Jimmy Stephen

Personal information
- Full name: James Findlay Stephen
- Date of birth: 23 August 1922
- Place of birth: Johnshaven, Aberdeenshire, Scotland
- Date of death: 5 November 2012 (aged 90)
- Place of death: Southsea, Hampshire, England
- Position(s): Defender

Youth career
- 1937–1938: Johnshaven Dauntless
- 1938–1939: Bradford (Park Avenue)

Senior career*
- Years: Team / Apps / (Gls)
- 1939–1949: Bradford (Park Avenue) / 94 / (0)
- 1949–1955: Portsmouth / 100 / (0)
- 1955–1956: Yeovil Town
- 1956–1957: Bridgwater Town
- 1957–1959: Newport (Isle of Wight)
- 1959-1960: Waterlooville

International career
- 1944–1945: Scotland (wartime) / 5 / (0)
- 1946–1947: Scotland / 2 / (0)

Managerial career
- 1956–1957: Bridgwater Town (coach)
- 1957–1959: Newport (Isle of Wight) (coach)
- 1959-1960: Waterlooville (coach)

= Jimmy Stephen =

Scottish footballer

James Findlay Stephen (23 August 1922 – 5 November 2012) was a Scottish footballer who played as a defender. At club level, he played in the Football League for Bradford (Park Avenue) and Portsmouth. He also played in two full international matches for Scotland.

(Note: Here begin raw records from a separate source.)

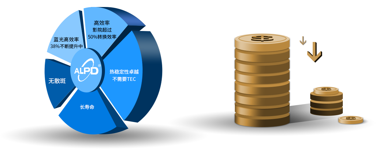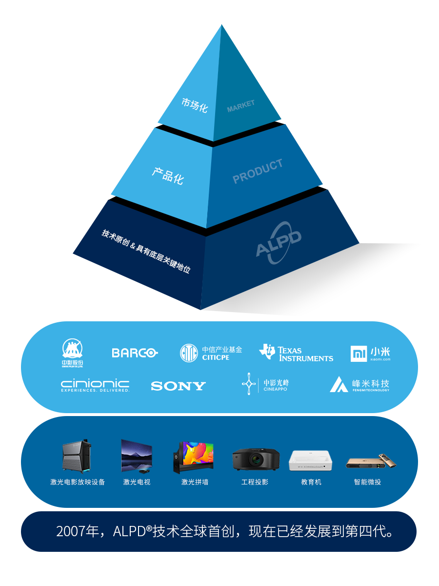 ALPD技術(shù)敏銳地察覺了激光技術(shù)結(jié)合稀土材料在高亮度投影光源上的可行性,創(chuàng)造性地提出了ALPD技術(shù)架構(gòu),實(shí)現(xiàn)了具有了低成本、高亮度、廣色域、無散斑等特點(diǎn)的激光光源,革命性地解決了激光顯示產(chǎn)業(yè)化遇到的困難,實(shí)現(xiàn)了激光技術(shù)的民用化,逐步應(yīng)用于顯示、照明等。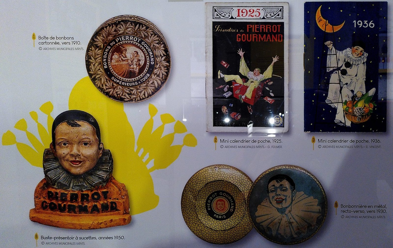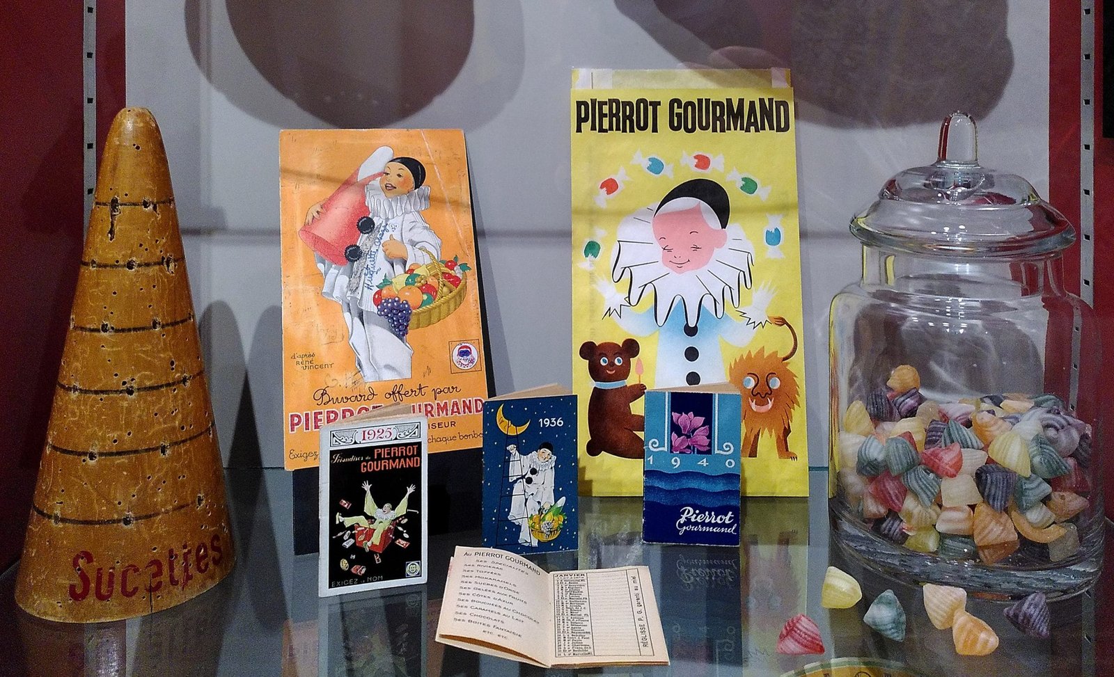 Le buste iconique de Pierrot Gourmand nait dans les années 30. Il remplace le présentoir en forme d’éventail.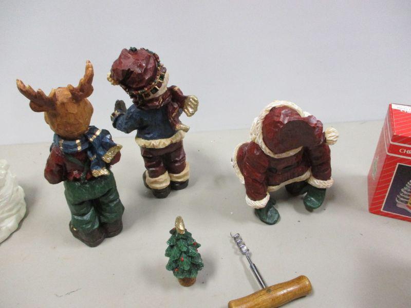 Christmas tree wine stopper and corkscrew and Santa wine holder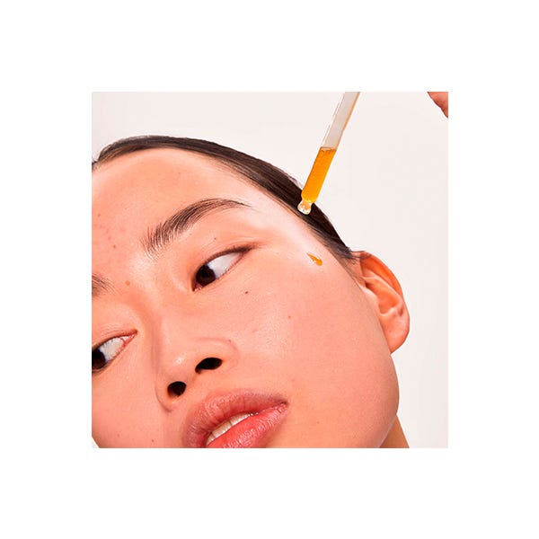 - Mezclar de 1 a 12 gotas de producto solo o con el tratamiento hidratante, sérum o aceite en la palma de la mano, y aplicar la mezcla en el rostro de manera uniforme.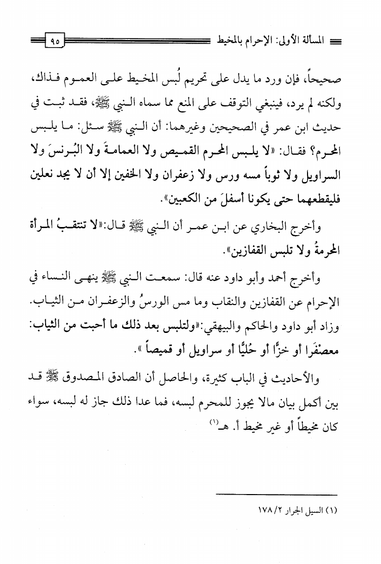 نام کتاب : مشكل لباس الإحرام دراسة ست مسائل من أحكام لباس الإحرام مع تخريج الأحاديث والتعريف بأسماء الألبسة نویسنده : إبراهيم بن محمد الصبيحي جلد : 1 صفحه : 95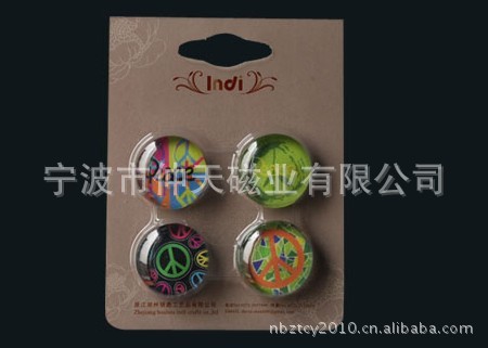 9)玻璃冰箱贴:采用下面软胶磁铁+上面铜版纸彩色印刷+半圆玻璃窗腹膜制作而成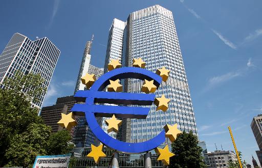 El logotipo de la moneda de la Unión Europea, el euro, en la sede del Banco Central Europeo en Fráncfort (Alemania), el 3 de julio de 2014 afp_tickers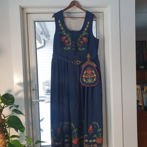 Jeg er c 159 høy og bunaden streifer akuratt bakken. Er syd inn til Small men er ekstra stoff på innsiden så man kan legge ut. Bunad skjorte Str S føler med. Medfølger også sølv. Er minimalt brukt.

Stephen signed for Bradford when he left school in 1938, and turned professional the following year. During the Second World War he made guest appearances for clubs including Halifax Town, Middlesbrough and Huddersfield Town. He left Bradford for Portsmouth in 1949, although National Service in the RAF meant he was restricted to a solitary appearance in the Portsmouth team that won the 1949–50 League title. He finished his career in non-league football with Yeovil Town before becoming a player-coach at Bridgwater Town, Newport in the Isle of Wight, and Waterlooville

Having represented Scotland in five wartime internationals against England, Stephen made his full international debut as captain in the first competitive match Scotland played after the war, a 3–1 defeat to Wales on 19 October 1946 in the British Home Championship. His second and last cap came a year later, also against Wales.